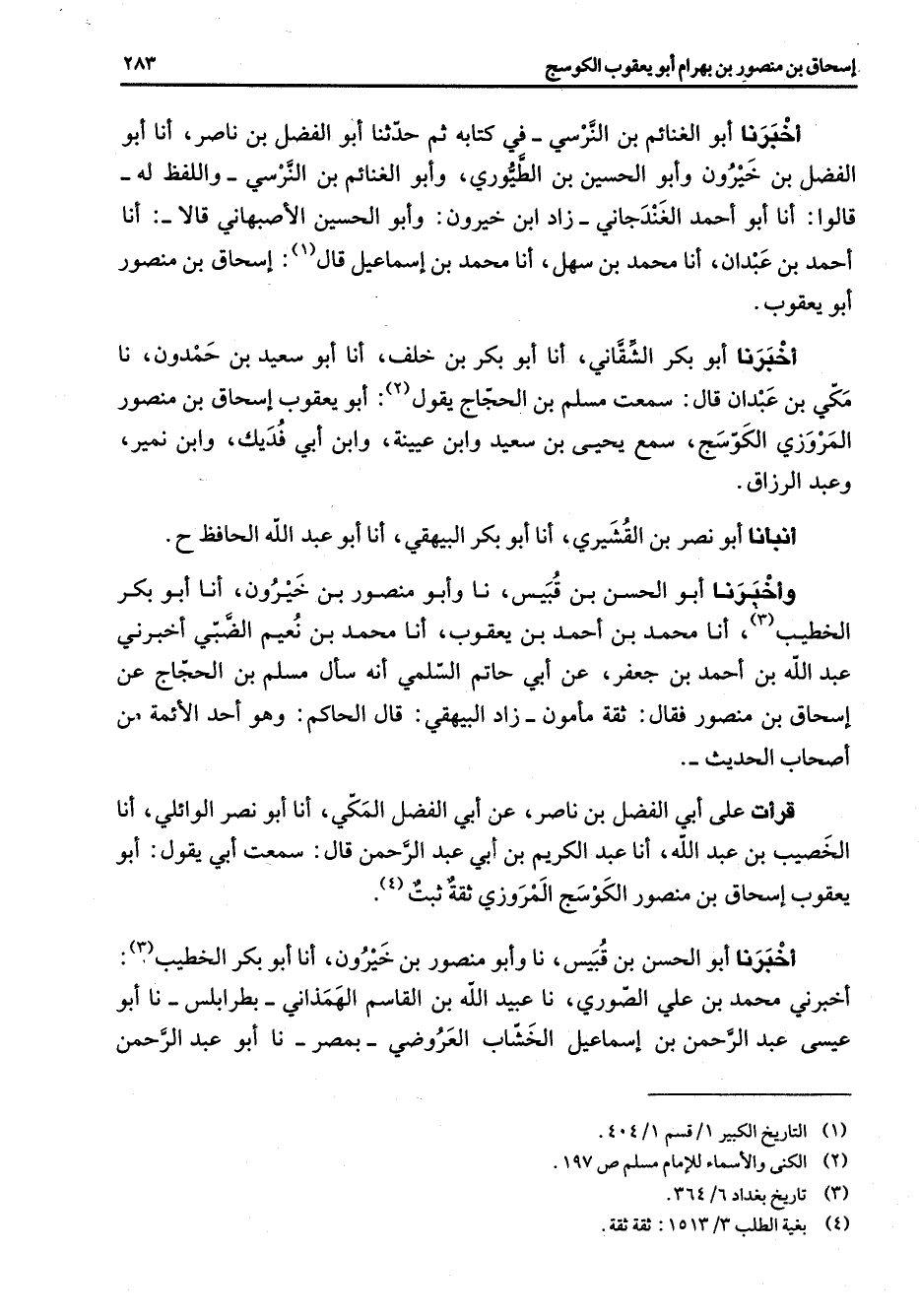 أخبرنا أبو الغنائم بن النرسي في كتابه ثم حدثنا أبو الفضل بن ناصر أنا أبو الفضل بن خيرون وأبو الحسين بن الطيوري وأبو الغنائم بن النرسي واللفظ له قالوا أنا أبو أحمد الغندجاني زاد ابن خيرون وأبو الحسين الأصبهاني قالا أنا أحمد بن عبدان أنا محمد بن سهل أنا محمد بن إسماعيل قال إسحاق بن منصور أبو يعقوب أخبرنا أبو بكر الشقاني أنا أبو بكر بن خلف أنا أبو سعيد بن حمدون نا مكي بن عبدان قال سمعت مسلم بن الحجاج يقول أبو يعقوب إسحاق بن منصور المروزي الكوسج سمع يحيى بن سعيد وابن عيينة وابن أبي فديك وابن نمير وعبد الرزاق أنبأنا أبو نصر بن القشيري أنا أبو بكر البيهقي أنا أبو عبد الله الحافظ [ح] وأخبرنا أبو الحسن بن قبيس نا وأبو منصور بن خيرون أنا أبو بكر الخطيب (3) أنا محمد بن أحمد بن يعقوب أنا محمد بن نعيم الضبي أخبرني عبد الله بن أحمد بن جعفر عن أبي حاتم السلمي أنه سأل مسلم بن الحجاج عن إسحاق بن منصور فقال ثقة مأمون زاد البيهقي قال الحاكم وهو أحد الأئمة من أصحاب الحديث قرأت على أبي الفضل بن ناصر عن أبي الفضل المكي أنا أبو نصر الوائلي أنا الخصيب بن عبد الله أنا عبد الكريم بن أبي عبد الرحمن قال سمعت أبي يقول أبو يعقوب إسحاق بن منصور الكوسج المروزي ثقة ثبت (4) أخبرنا أبو الحسن بن قبيس نا أبو منصور بن خيرون أنا أبو بكر الخطيب (3) أخبرني محمد بن علي الصوري نا عبيد الله بن القاسم الهمذاني بطرابلس نا أبو عيسى عبد الرحمن بن إسماعيل الخشاب العروضي بمصر نا أبو عبد الرحمن
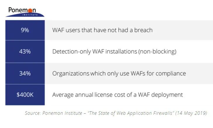 波耐蒙研究所的调查研究显示,65%的公司企业经历过WAF失效,仅9%的公司企业WAF未遭突破。然而,这并不代表他们的WAF在未来永远不会被绕过。公司企业担心自身WAF的性能和安全不无道理。
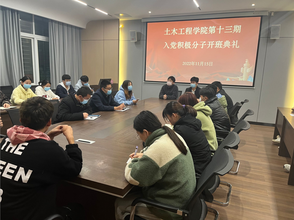 为了把伟大建党精神继承下去、发扬光大,加强入党积极分子的培养教育工作,切实提高大学生党员发展质量。土木工程学院党总支于11月15日在理工楼112会议室举行第十三期入党积极分子开班仪式,党总支书记郭二军,学工干事徐超,辅导员曹贞贞及第十三期入党积极分子参加了本次活动。仪式由曹贞贞主持。
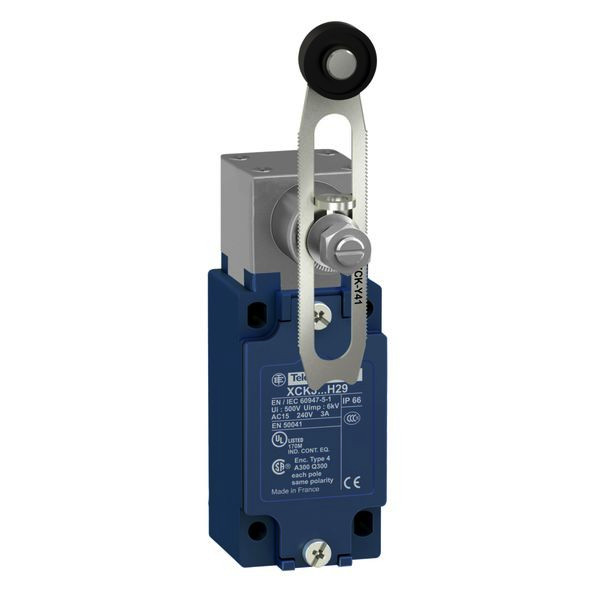 OsiSense XC ? Positionsschalter XCK J. Anschluss M12, Betätiger Längenverstellbarer Rollenhebel, Schaltkontakte Ö + S, Schaltprinzip Sprung. Komplettgerät, metallgekapselt, Monoblockgehäuse. B/T/H 40 x 44 x 81,5 mm (ohne Betätiger). mit M12-Steckverbinder oder Leitungseinführung ISO M20 x 1,5 oder Pg13. Schutzart IP 66 und IK 07.

══════════

Please return each line of the listing exactly as written, excluding the images.

▶ Task result
 أخبرنا أبو الغنائم بن النرسي في كتابه ثم حدثنا أبو الفضل بن ناصر أنا أبو الفضل بن خيرون وأبو الحسين بن الطيوري وأبو الغنائم بن النرسي واللفظ له قالوا أنا أبو أحمد الغندجاني زاد ابن خيرون وأبو الحسين الأصبهاني قالا أنا أحمد بن عبدان أنا محمد بن سهل أنا محمد بن إسماعيل قال إسحاق بن منصور أبو يعقوب أخبرنا أبو بكر الشقاني أنا أبو بكر بن خلف أنا أبو سعيد بن حمدون نا مكي بن عبدان قال سمعت مسلم بن الحجاج يقول أبو يعقوب إسحاق بن منصور المروزي الكوسج سمع يحيى بن سعيد وابن عيينة وابن أبي فديك وابن نمير وعبد الرزاق أنبأنا أبو نصر بن القشيري أنا أبو بكر البيهقي أنا أبو عبد الله الحافظ [ح] وأخبرنا أبو الحسن بن قبيس نا وأبو منصور بن خيرون أنا أبو بكر الخطيب (3) أنا محمد بن أحمد بن يعقوب أنا محمد بن نعيم الضبي أخبرني عبد الله بن أحمد بن جعفر عن أبي حاتم السلمي أنه سأل مسلم بن الحجاج عن إسحاق بن منصور فقال ثقة مأمون زاد البيهقي قال الحاكم وهو أحد الأئمة من أصحاب الحديث قرأت على أبي الفضل بن ناصر عن أبي الفضل المكي أنا أبو نصر الوائلي أنا الخصيب بن عبد الله أنا عبد الكريم بن أبي عبد الرحمن قال سمعت أبي يقول أبو يعقوب إسحاق بن منصور الكوسج المروزي ثقة ثبت (4) أخبرنا أبو الحسن بن قبيس نا أبو منصور بن خيرون أنا أبو بكر الخطيب (3) أخبرني محمد بن علي الصوري نا عبيد الله بن القاسم الهمذاني بطرابلس نا أبو عيسى عبد الرحمن بن إسماعيل الخشاب العروضي بمصر نا أبو عبد الرحمن
 波耐蒙研究所的调查研究显示,65%的公司企业经历过WAF失效,仅9%的公司企业WAF未遭突破。然而,这并不代表他们的WAF在未来永远不会被绕过。公司企业担心自身WAF的性能和安全不无道理。
 为了把伟大建党精神继承下去、发扬光大,加强入党积极分子的培养教育工作,切实提高大学生党员发展质量。土木工程学院党总支于11月15日在理工楼112会议室举行第十三期入党积极分子开班仪式,党总支书记郭二军,学工干事徐超,辅导员曹贞贞及第十三期入党积极分子参加了本次活动。仪式由曹贞贞主持。
 OsiSense XC ? Positionsschalter XCK J. Anschluss M12, Betätiger Längenverstellbarer Rollenhebel, Schaltkontakte Ö + S, Schaltprinzip Sprung. Komplettgerät, metallgekapselt, Monoblockgehäuse. B/T/H 40 x 44 x 81,5 mm (ohne Betätiger). mit M12-Steckverbinder oder Leitungseinführung ISO M20 x 1,5 oder Pg13. Schutzart IP 66 und IK 07.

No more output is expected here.